Parmi les oeuvres retrouvées ?
Le fameux Buste de femme (Dora Maar) de Picasso, dérobé
en 1999 sur le yacht d'un cheikh saoudien dans le port d'Antibes
(Alpes-Maritimes).
Son agence, Artiaz, piste également les oeuvres volées
aux familles juives pendant la guerre.
On a revolé les
Peupliers !
L'Allée des peupliers aux environs de Moret-sur-Loing, un
tableau de Sisley, est un feuilleton à lui tout seul : il a été volé 3 fois en
40 ans !
La première, c'était en 1978, à Marseille.
Prêtée par le Louvre, la toile est retrouvée quelques
jours plus tard... dans les égouts de la ville !
Rebelote en 1998. Le directeur du musée des Beaux-Arts de
Nice, où est alors exposé le Sisley, simule une prise d'otage et s'empare du
tableau.
Qui sera retrouvé à Saint-Laurent-du-Var.
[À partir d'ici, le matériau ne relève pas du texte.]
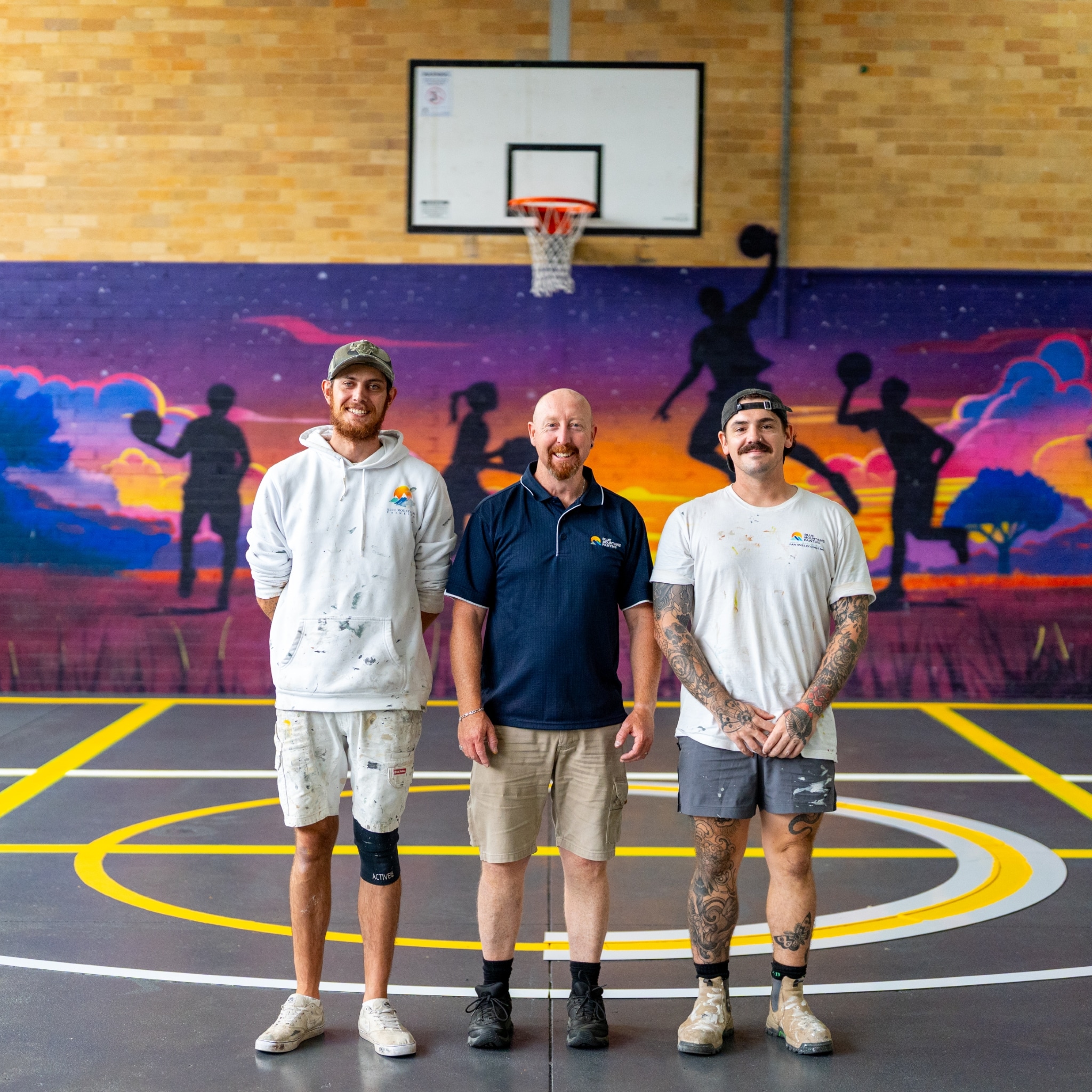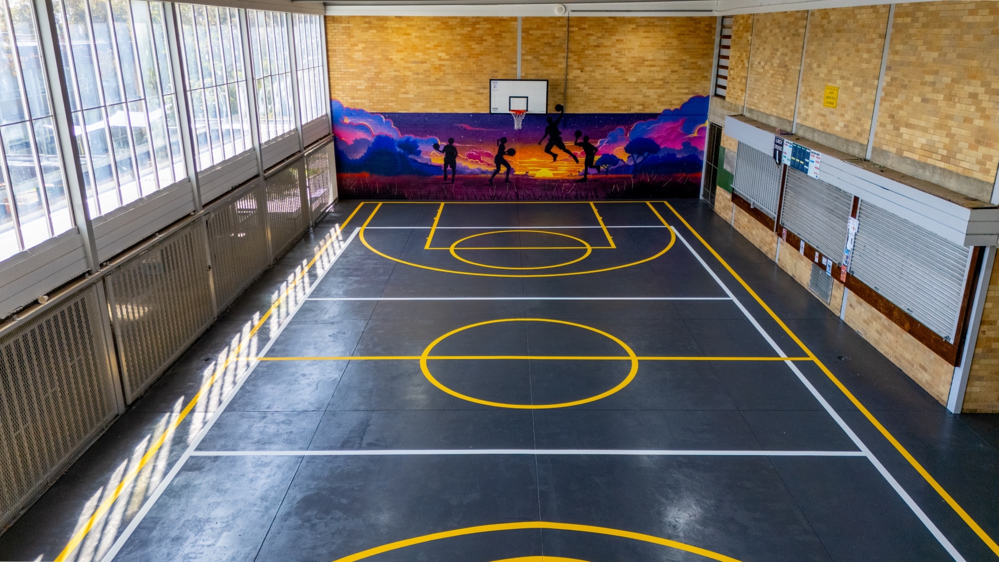 - Regulation markings for basketball, tennis, and netball courts

Enfin, en 2007, un spectaculaire braquage, bien réel
cette fois, a lieu au musée niçois : quatre tableaux, dont la fameuse Allée aux
peupliers, sont dérobés. L'OCBC les récupère en 2008. Depuis, il faut se rendre
au musée d'Orsay pour contempler le Sisley...
De Cantini aux
soutes d'un bus
Les Choristes est un délicat pastel de Degas prêté au
musée Cantini de Marseille par Orsay.
Le 31 décembre 2009, il disparaît sans effraction.
Scandale à Marseille.
Le 16 février 2018, il est retrouvé par hasard... dans
les soutes d'un bus arrêté à la station-service de Ferrières-en-Brie, près de
Paris.
L'OCBC poursuit son enquête sur cette affaire mystérieuse
qui avait causé un séisme à Marseille : elle avait en effet coïncidé avec la
mise au jour d'un système de billetterie frauduleuse à Cantini.
En 2017, les musées marseillais se retrouvent à nouveau
en disgrâce, lorsqu'une stèle égyptienne est dérobée, en plein jour, au musée
d'archéologie de la Vieille Charité.